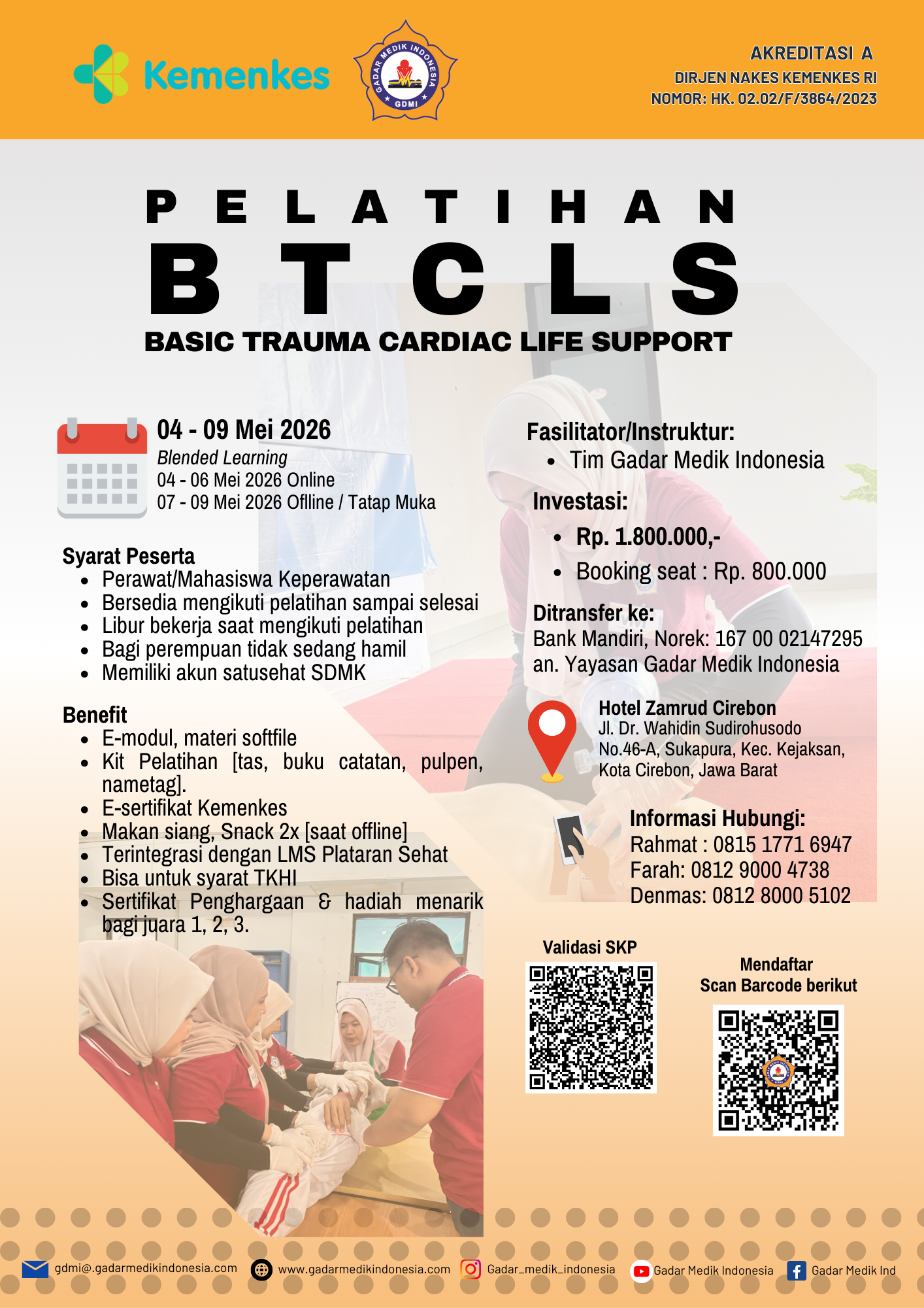 Pelatihan Peningkatan Kompetensi Kegawatdaruratan bagi Perawat. Pelatihan dilaksanakan dengan metode Blended Learning [3 hari Online, 3 hari Offline]
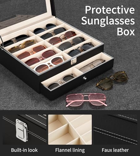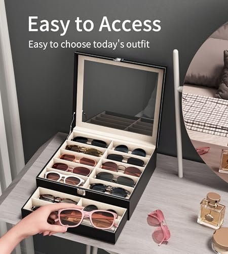 20 Slots Sunglass Organizer for Women Men Multiple Pairs of Sunglasses Storage Box See-Through Display Show Case
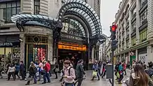The construction of Corrientes and Nueve de Julio Avenues in the 1930s further modernized San Nicolás, which had hitherto been limited in its development by its colonial grid of narrow streets. Florida Street, most of which is in San Nicolás, is the city's best-known pedestrianized street.[6] Its most discernible landmark is the Galerías Pacífico shopping arcade.[7]
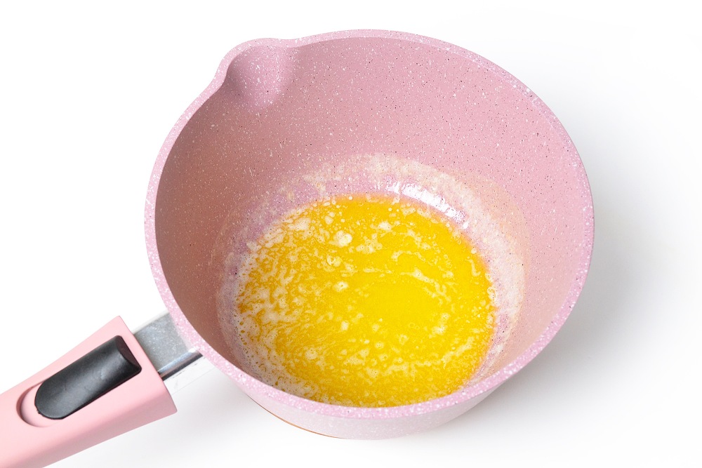 Первым делом растопить сливочное масло в сотейнике или небольшой кастрюле на небольшой мощности (2-3/6 для электроплиты). Нежелательно, чтобы оно кипело или горело. Затем маслу нужно дать остыть до 35-40 градусов.

### Prompt
Return the stretch of data that begins with the line showing "20 Slots Sunglass" and goes on through the line showing "The construction of", exactly, with pictures removed.

### Output of the exercise
 20 Slots Sunglass Organizer for Women Men Multiple Pairs of Sunglasses Storage Box See-Through Display Show Case
The construction of Corrientes and Nueve de Julio Avenues in the 1930s further modernized San Nicolás, which had hitherto been limited in its development by its colonial grid of narrow streets. Florida Street, most of which is in San Nicolás, is the city's best-known pedestrianized street.[6] Its most discernible landmark is the Galerías Pacífico shopping arcade.[7]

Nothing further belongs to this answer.